In a series of stages, geographically defined sampling units of decreasing size are selected. To ensure that the sample is representative, the probability of selection at various stages is adjusted as follows:

The sample is stratified by key social characteristics in the population such as sub-national area (e.g. region/province) and residential locality (urban or rural). The area stratification reduces the likelihood that distinctive ethnic or language groups are left out of the sample. And the urban/rural stratification is a means to make sure that these localities are represented in their correct proportions. Wherever possible, and always in the first stage of sampling, random sampling is conducted with probability proportionate to population size (PPPS). The purpose is to guarantee that larger (i.e., more populated) geographical units have a proportionally greater probability of being chosen into the sample. The sampling design has four stages

A first-stage to stratify and randomly select primary sampling units;

A second-stage to randomly select sampling start-points;

A third stage to randomly choose households;

A final-stage involving the random selection of individual respondents

We shall deal with each of these stages in turn.

STAGE ONE: Selection of Primary Sampling Units (PSUs)

The primary sampling units (PSU's) are the smallest, well-defined geographic units for which reliable population data are available. In most countries, these will be Census Enumeration Areas (or EAs). Most national census data and maps are broken down to the EA level. In the text that follows we will use the acronyms PSU and EA interchangeably because, when census data are employed, they refer to the same unit.

We strongly recommend that NIs use official national census data as the sampling frame for Afrobarometer surveys. Where recent or reliable census data are not available, NIs are asked to inform the relevant Core Partner before they substitute any other demographic data. Where the census is out of date, NIs should consult a demographer to obtain the best possible estimates of population growth rates. These should be applied to the outdated census data in order to make projections of population figures for the year of the survey. It is important to bear in mind that population growth rates vary by area (region) and (especially) between rural and urban localities. Therefore, any projected census data should include adjustments to take such variations into account.

Indeed, we urge NIs to establish collegial working relationships within professionals in the national census bureau, not only to obtain the most recent census data, projections, and maps, but to gain access to sampling expertise.

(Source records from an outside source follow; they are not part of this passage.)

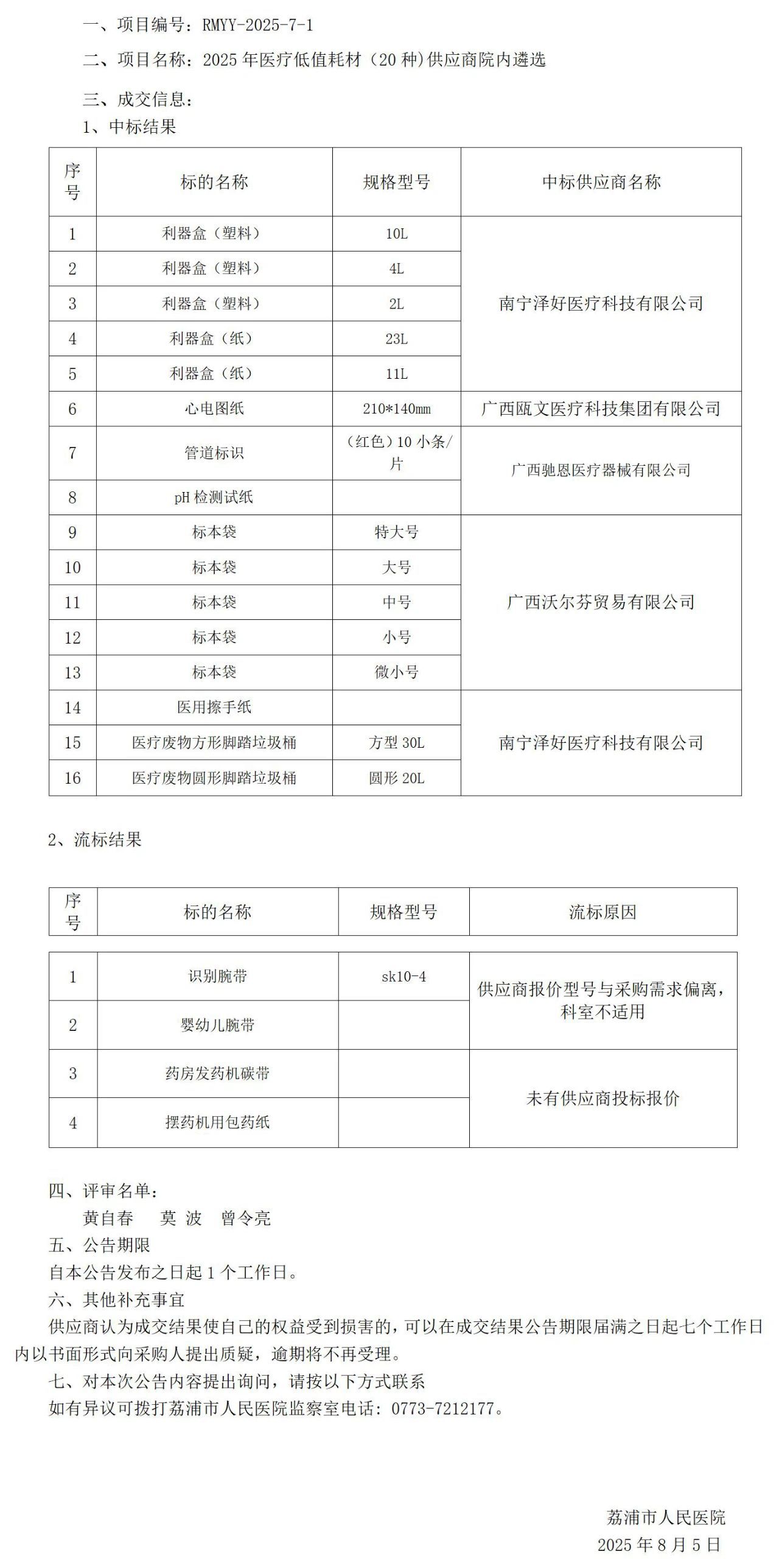 荔浦市人民医院2025年医疗低值耗材(20种)供应商院内遴选项目评标结果公告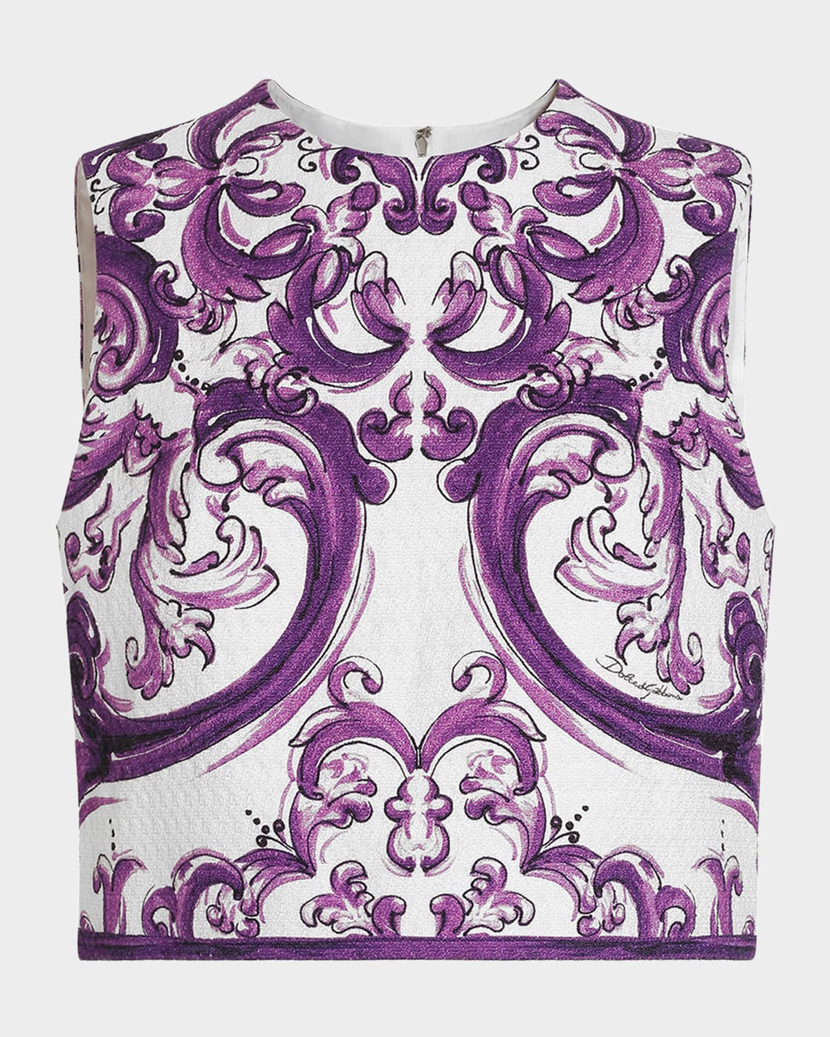 - Dolce&Gabbana tank top with Majolica print - Crew neckline - Sleeveless - Boxy fit - Cropped length - Back zip - Cotton/rayon/cellulose acetate/linen - Made in Italy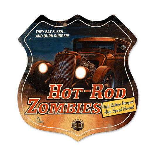 Hot Rod Zombies, Automotive, Shield Metal Sign, 15 X 15 Inches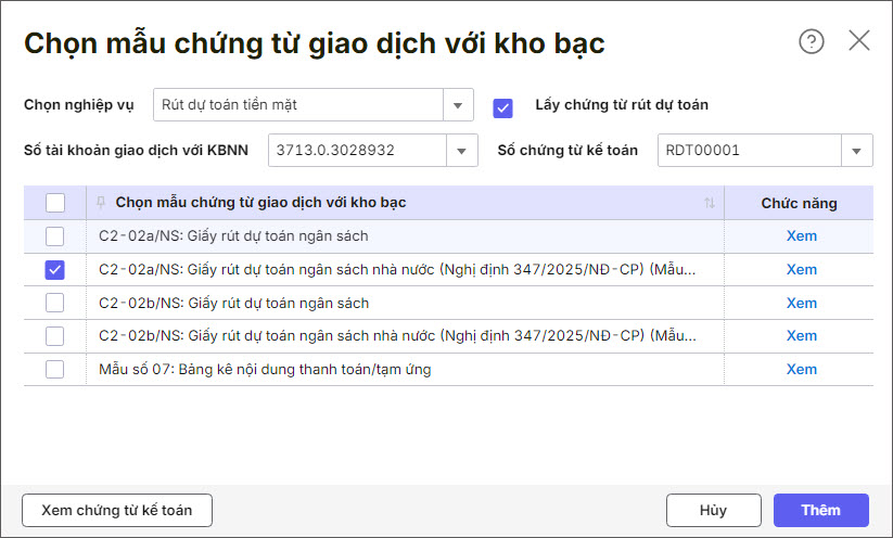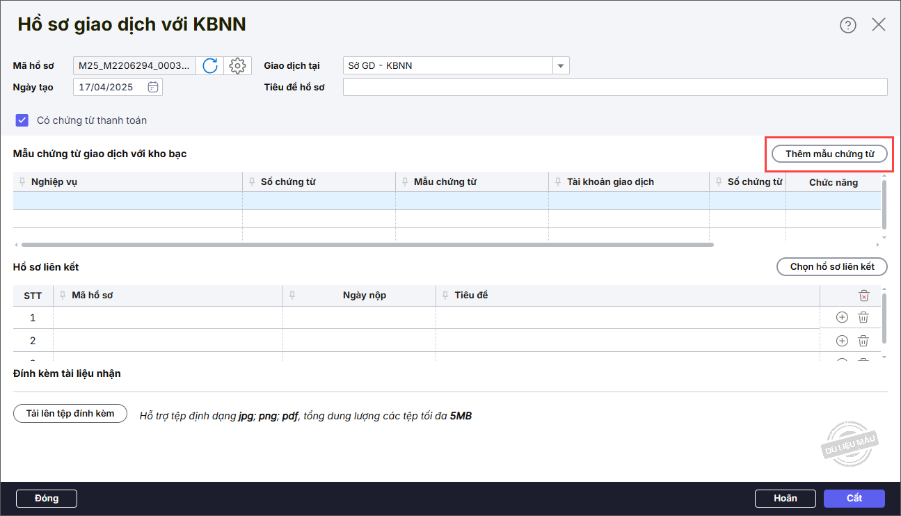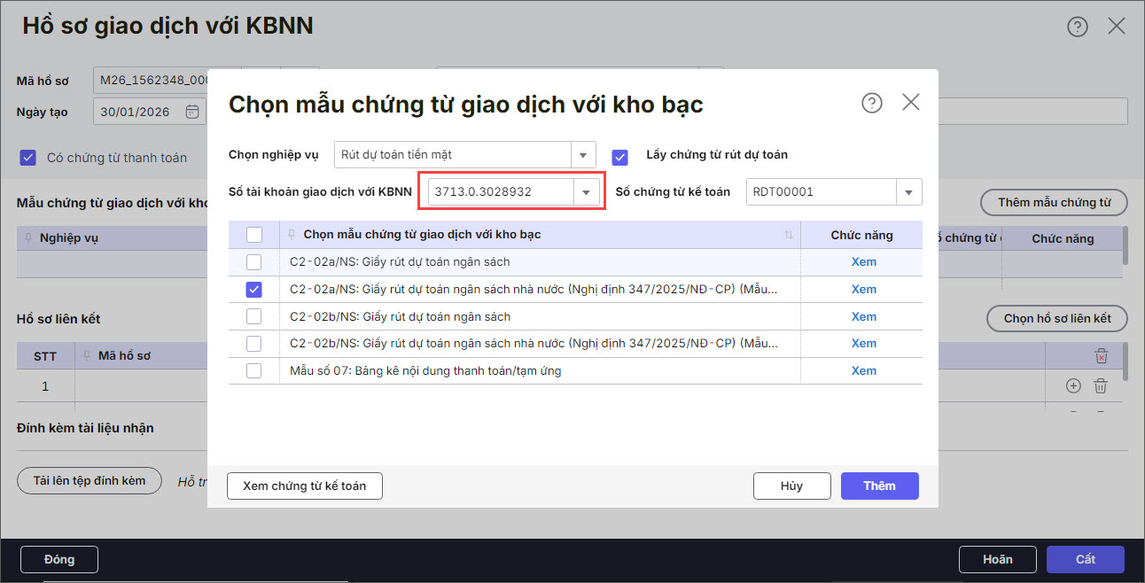 Bước 5: Hệ thống chuyển sang màn hình lập hồ sơ và tự động điền sẵn các thông tin như: Nghiệp vụ, Số chứng từ kế toán và Mẫu chứng từ. Anh/chị chỉ cần chọn thêm Số tài khoản giao dịch với KBNN, rồi nhấn Thêm.

NIs may even commission a census statistician to draw the sample to Afrobarometer specifications, provided that provision for this service has been made in the survey budget.

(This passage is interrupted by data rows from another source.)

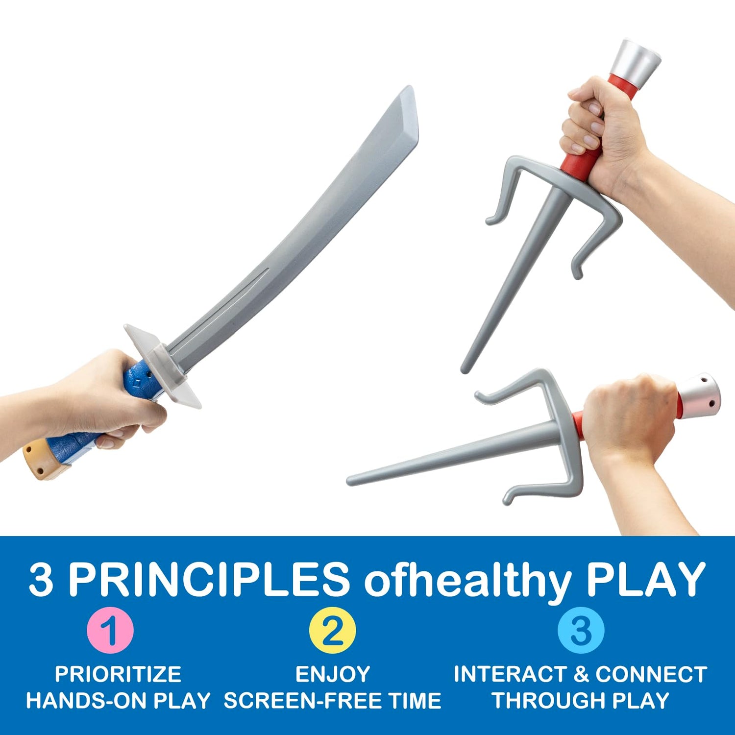 - [Quality materials and attention to detail] The set comes with: Turtle Shell *1 fork *2 knives *1 nunchakus *1 telescopic stick *1 color blindfold *4 Frisbee *2, Turtle Hero is so neat that even a family can be immersed in it. These costumes are made of high-quality plastic materials. They are durable and lightweight, comfortable and easy to wear, safe and fun to play with.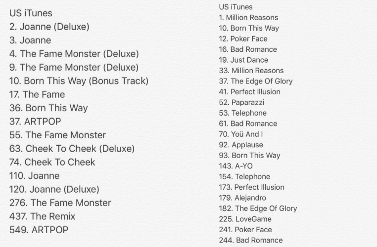5 album vào top 10 và 14 single khác trở lại Top 100 Itunes US. (Tham khảo: Hội những Little Monster Việt Nam tôn sùng Lady Gaga)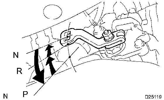 e) Start the engine and make sure that the vehicle moves forward when moving the lever from the N to D position and moves rearward when moving it to the R position.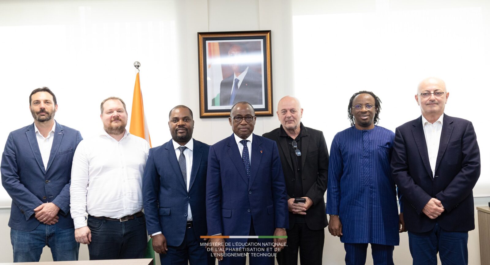 N’Guessan KOFFI, Ministre de l’Éducation Nationale, de l’Alphabétisation et de l’Enseignement Technique, a accordé une audience, ce vendredi 27 février 2026, au 7ᵉ étage de la Tour B, à une délégation de l’ONG internationale italienne AVSI, conduite par son Représentant régional, Lorenzo MANZONI, dans le cadre du Plan Mattei, une initiative de l’Italie visant à renforcer sa coopération avec les pays africains.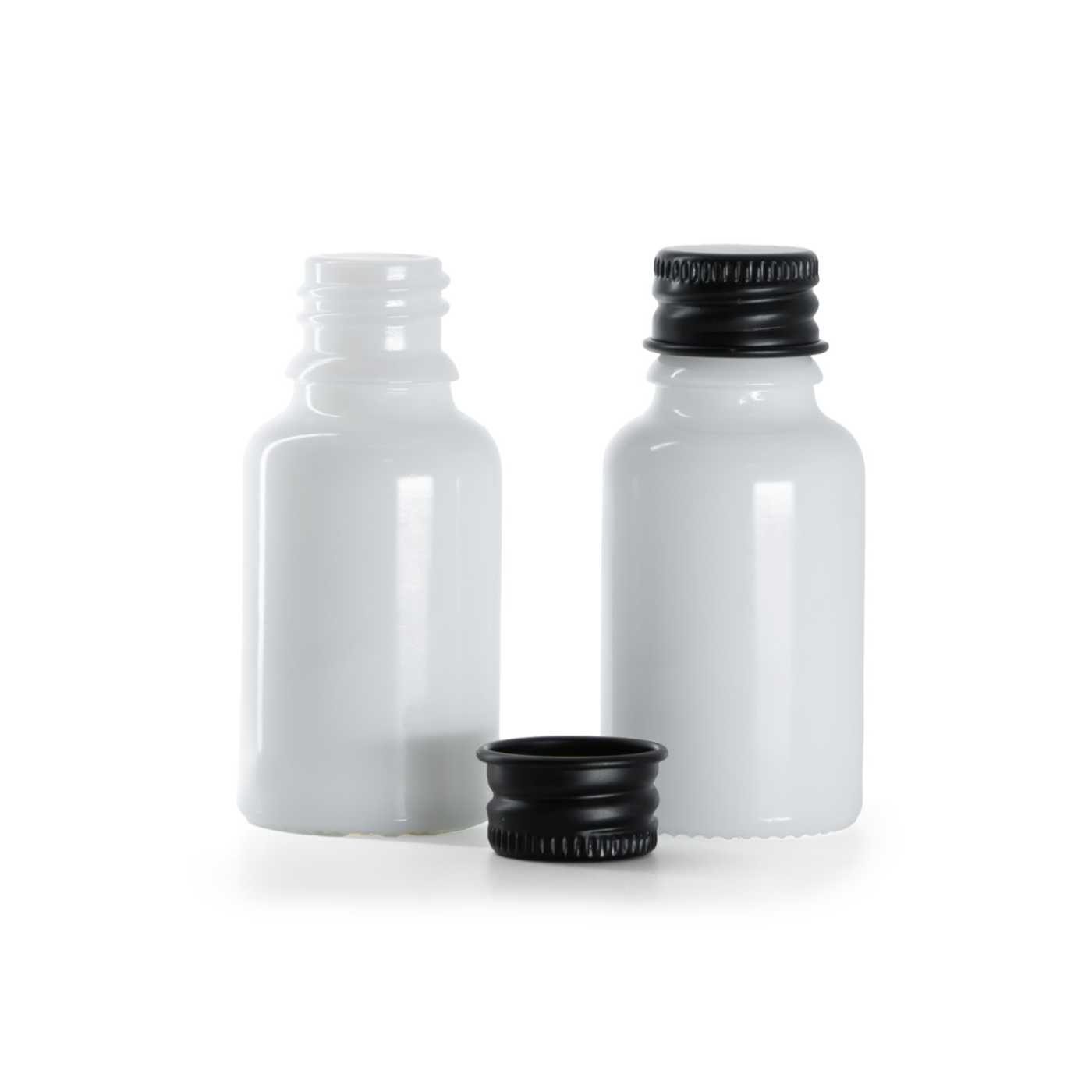 The white glass bottle, the so-called vial, is made of thick glass. It is used for storing liquids.Volume: 15 ml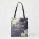 Gastgeschenk Hochzeit Herzlich willkommen und vielen Dank, dass Sie Vorlagen mit Taschen - elegante weiße Hydrangea-Blume und Streichleuchten auf Vintagem blau-blumigen Linenhintergrund geschenkt haben. Ein perfektes Design für Ihren großen Tag. Alle Textstile, Farben, Größen können an Ihre Bedürfnisse angepasst werden!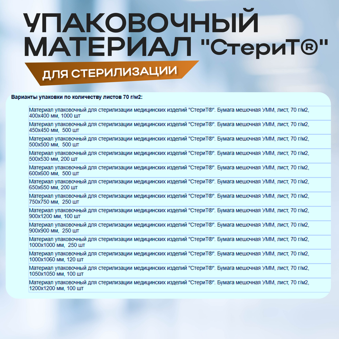 Материал упаковочный для стерилизации медицинских изделий "СтериТ®" 1000х1060мм. Бумага мешочная УММ, 120 штук

Regardless of who draws the sample, the NIs should thoroughly acquaint themselves with the strengths and weaknesses of the available census data and the availability and quality of EA maps. The country and methodology reports should cite the exact census data used, its known shortcomings, if any, and any projections made from the data. At minimum, the NI must know the size of the population and the urban/rural population divide in each region in order to specify how to distribute population and PSU's in the first stage of sampling. National investigators should obtain this written data before they attempt to stratify the sample.

Once this data is obtained, the sample population (either 1200 or 2400) should be stratified, first by area (region/province) and then by residential locality (urban or rural). In each case, the proportion of the sample in each locality in each region should be the same as its proportion in the national population as indicated by the updated census figures.

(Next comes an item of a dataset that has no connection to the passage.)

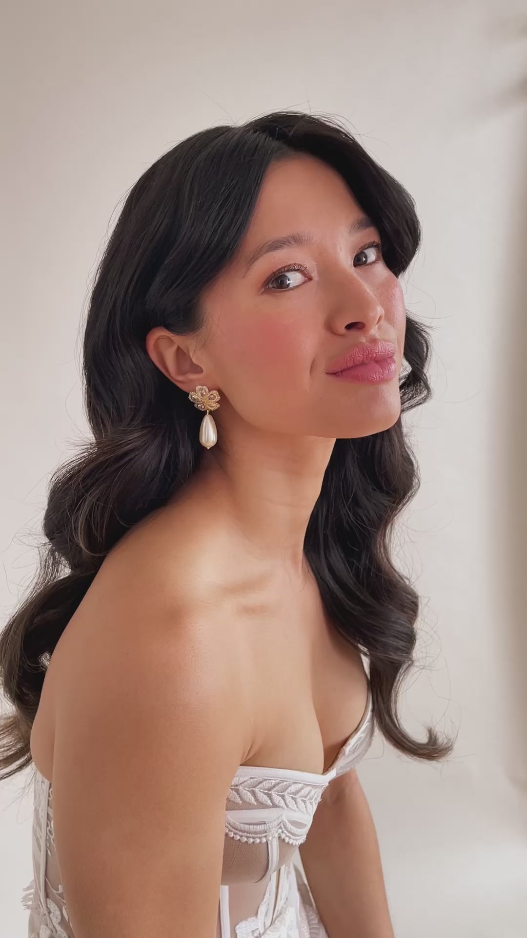 Beautiful statement flower wedding earrings. High quality 14k gold plated brass finish with a faux pearl and cubic zirconia stones.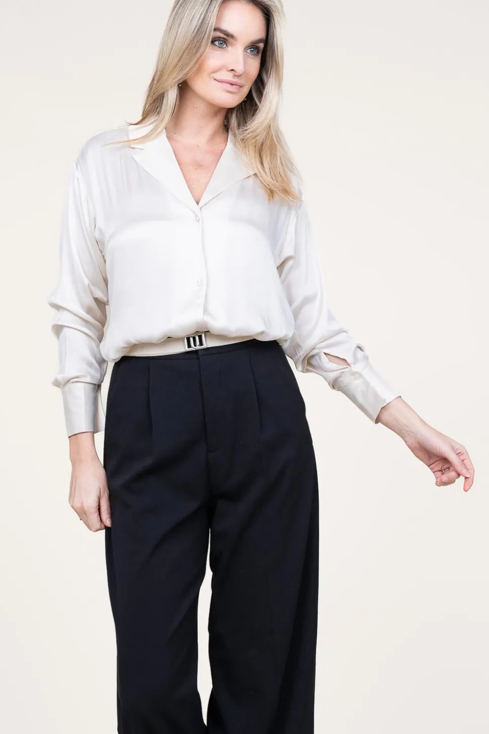 Your New Favorite Blousesilk Blouselapel Collarlong Sleeves With Cuffscloses With Buttonselastic Waistband With Drawstri…

Having stratified the sample, it is then possible to determine how many PSU's should be selected for the country as a whole, for each region, and for each urban or rural locality.

The total number of PSU's to be selected for the whole country is determined by calculating the maximum degree of clustering of interviews one can accept in any PSU. Because PSUs (which are usually geographically small EAs) tend to be socially homogenous we do not want to select too many people in any one place. Thus, the Afrobarometer has established a standard of no more than 8 interviews per PSU. For a sample size of 1200, the sample must therefore contain 150 PSUs/EAs (1200 divided by 8). For a sample size of 2400, there must be 300 PSUs/EAs.

These PSUs should then be allocated proportionally to the urban and rural localities within each regional stratum of the sample. Let's take a couple of examples from a country with a sample size of 1200. If the urban locality of Region X in this country constitutes 10 percent of the current national population, then the sample for this stratum should be 15 PSUs (calculated as 10 percent of 150 PSUs). If the rural population of Region Y constitutes 4 percent of the current national population, then the sample for this stratum should be 6 PSU's.

The next step is to select particular PSUs/EAs using random methods. Using the above example of the rural localities in Region Y, let us say that you need to pick 6 sample EAs out of a census list that contains a total of 240 rural EAs in Region Y. But which 6? If the EAs created by the national census bureau are of equal or roughly equal population size, then selection is relatively straightforward. Just number all EAs consecutively, then make six selections using a table of random numbers. This procedure, known as simple random sampling (SRS), will

In the year 1975 the death rate has been higher than the birth rate for the first time since the end of the war. This means that our country has now the same problem as the Federal Republic of Germany and the German Democratic Republic namely a declining population. A decline in the birth rate is a phenomenon that could be observed in many industrialised countries since the 60s. This resulted in questions and problems that concern many areas of the economic an social development. The need for kindergartens, class rooms, apartments and workplaces has to be evaluated anew constantly as well as the necessary number of foreign workers or the financial burden for the contributors to the public pension scheme. In the developing countries on the other hand, it is the population boom in connection with the unemployment rate and the shortage of food that causes immense problems - which in return has an impact on the rich countries. Therefore, worldwide measures are taken understand the factors that influence the population growth and the birth rate so that decisions can be made for the future. The International Statistic Institute conducts, commissioned by the United Nations, a World-Fertility-Survey (WFS) in numerous countries; the up until now largest research on fertility and its conditions. The title birth-biography implies that this special survey collects information that cannot be gained from the existing birth statistic; the reports from the registrar’s offices to the Central Statistical Office cannot be merged with data from previous reports and also can not be evaluated together. To a limited extent, special question on children born alive had already been posed in the Mikrozensus in 1971 (Mikrozensus MZ7102). Since the number of answers was quite high, important partial results had already been gained. This special survey also concentrates on question on regional and social origin, occupation of the women in connection with the birth of their children and previous marriages. It is also noted if and at what age a child died. This is necessary for research on social conditions of infant mortality which is still quite high in Austria.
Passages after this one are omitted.